Devant cette échéance ultrasensible que représente le scrutin présidentiel, aucun parti ne prendra le risque d’affirmer ce qui paraît inimaginable pour beaucoup de celles et ceux qui ont jusque-là décrédibilisé, ignoré ou insulté, à travers leurs mises en garde, les scientifiques ou les écologistes, qu’ils soient radicaux ou institutionnels : assumer un investissement massif dans la régulation, la transformation ou la transition, avec le risque que certains efforts deviennent insuffisants face à l’ampleur des bouleversements, du fait d’un système arrivé à bout de course. Compte tenu des enjeux, il est à parier que nous aurons affaire à une sorte de procrastination de la pensée politique, à un état léthargique de la puissance publique à des fins électoralistes, à moins de se complaire dans le populisme.

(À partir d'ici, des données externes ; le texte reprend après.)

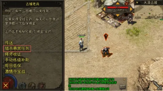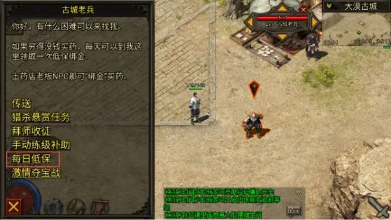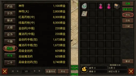 2.领了论坛礼包以后勇士们可以去老兵处继续领取每日低保,几万绑定金币,点"背包"→“商店”→“绑金”,绑定金币可以买药,随机卷,毒,符。
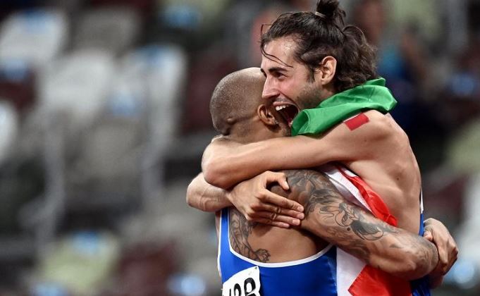 E nella storia ci resterà anche l’abbraccio con Gimbo Tamberi, che 5 anni fa a Rio aveva dovuto rinunciare, nonostante fosse uno dei favoriti per la vittoria, a causa di un grave infortunio che lo ha costretto al gesso nel piede destro. Un gesso che si è portato ieri in pedana, combattendo con il suo amico e avversario qatariota Barshim, con il quale alla fine ha deciso di condividere (per una perfetta parità) la medaglia più prestigiosa. E la loro esultanza quasi simultanea, resterà nella memoria collettiva dell’Italia.
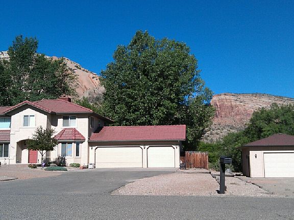 A spectacular find at the base of the Colorado National Monument. This one-of-a-kind, turnkey home boasts 4 bedrooms, 2.5 bathrooms, 2292 square feet, gas fireplace, open floor plan, 3-car garage, and a 2-car detached garage/workshop. Wake up to amazing views of the Monument or enjoy breakfast/dinner while gazing at the serene views and listening to the calming fountain on the side patio. Two shares of irrigation water keep the grass green and the veggies growing. Mature trees and a pergola keep the backyard comfortable in the summer heat. The spacious and grassy fenced backyard offers a lush playground for children or pets. RV parking and electrical hook up are present. There is plenty of space between you and your neighbors on the well-maintained 2-acre lot. Come live and play in one of the best communities in the Redlands! View tour on Youtube: 645 Kayenta Ct or click on: https://www.youtube.com/watch?v=ITKlwV4xjQgAdditional property info: http://www.forsalebyowner.com/listing/4-bed-Single-Family-home-for-sale-by-owner-645-Kayenta-Ct-81507/23997761?provider_id=28079
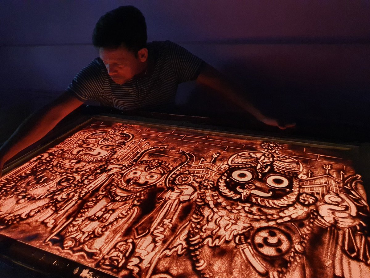 #sand#art , on the occasion of#Lord#Jagannath'#nagarjuna besha at#Puri#Odishapic.twitter.com/jl61SWyzmP

Qui expliquera demain à des propriétaires, à des agriculteurs, à des entrepreneurs ou aux populations les plus âgées que leur territoire pourrait ne plus offrir, à terme, les conditions de vie, de production ou de sécurité auxquelles ils s’étaient conformés, sans se soucier suffisamment de leurs actes et de leurs choix très personnels ? Qui assumera de dire qu’il faudra planifier le déplacement de populations exposées aux sécheresses, aux incendies, à l’érosion côtière ou au manque d’eau ? 

L’intérêt est-il d’abandonner des cultures acclimatées aux régions tempérées et ainsi entrer en concurrence avec des productions agricoles traditionnelles de pays dits émergents ? Rien que ce dernier cas de figure dévoile toute la difficulté à sortir d’un mécanisme complètement inextricable qui, de manière frontale et générale, sera toujours défavorable aux plus défavorisés, surtout s’ils vivent sur des continents lointains et étrangers.

Le cas du sorgho illustre parfaitement cette contradiction (1). Présenté comme une culture d’avenir face aux dérèglements climatiques, grâce à sa meilleure résistance à la sécheresse et aux fortes chaleurs, il pourrait devenir une alternative au maïs dans certaines régions françaises confrontées au stress hydrique. Mais derrière cette réponse agronomique se cache une autre réalité : celle d’une possible nouvelle concurrence économique avec des régions productrices historiques, notamment africaines, qui pourraient voir leurs capacités d’exportation vers des pays tiers fragilisées par l’évolution des productions agricoles des pays du Nord.

Ainsi, l’adaptation climatique des pays puissants pourrait, dans certains cas, reproduire ou accentuer des déséquilibres existants. Les territoires disposant des moyens financiers, scientifiques et technologiques nécessaires pourront transformer leurs modèles agricoles, investir dans de nouvelles filières et sécuriser leurs productions.

L’adaptation ne serait donc pas seulement une question de capacité technique à modifier nos pratiques. Elle deviendrait aussi une question de justice climatique : qui aura les moyens de s’adapter, qui devra subir les transformations imposées par un climat qu’il n’a pas contribué à dérégler, et jusqu’où les solutions trouvées par les uns ne deviendront-elles pas de nouvelles contraintes pour les autres ?

Dans la kyrielle des termes sémantiques gravitant autour de l’environnement et de l’écologie – "développement durable", "transition énergétique", "agriculture écologiquement intensive", "haute valeur environnementale" –, déployés depuis des décennies pour faire prendre des vessies pour des lanternes, l’« adaptation climatique » pourrait bien constituer la dernière tentative d’un État aux abois de garantir aux candidats à l’élection présidentielle un minimum de crédibilité et un espoir de stabilité, à travers des promesses financées à coups de milliards. Dans un monde fini, il y aura toujours matière à tenter de décrire l’indéfinissable : notre capacité à repousser les limites jusqu’à les franchir.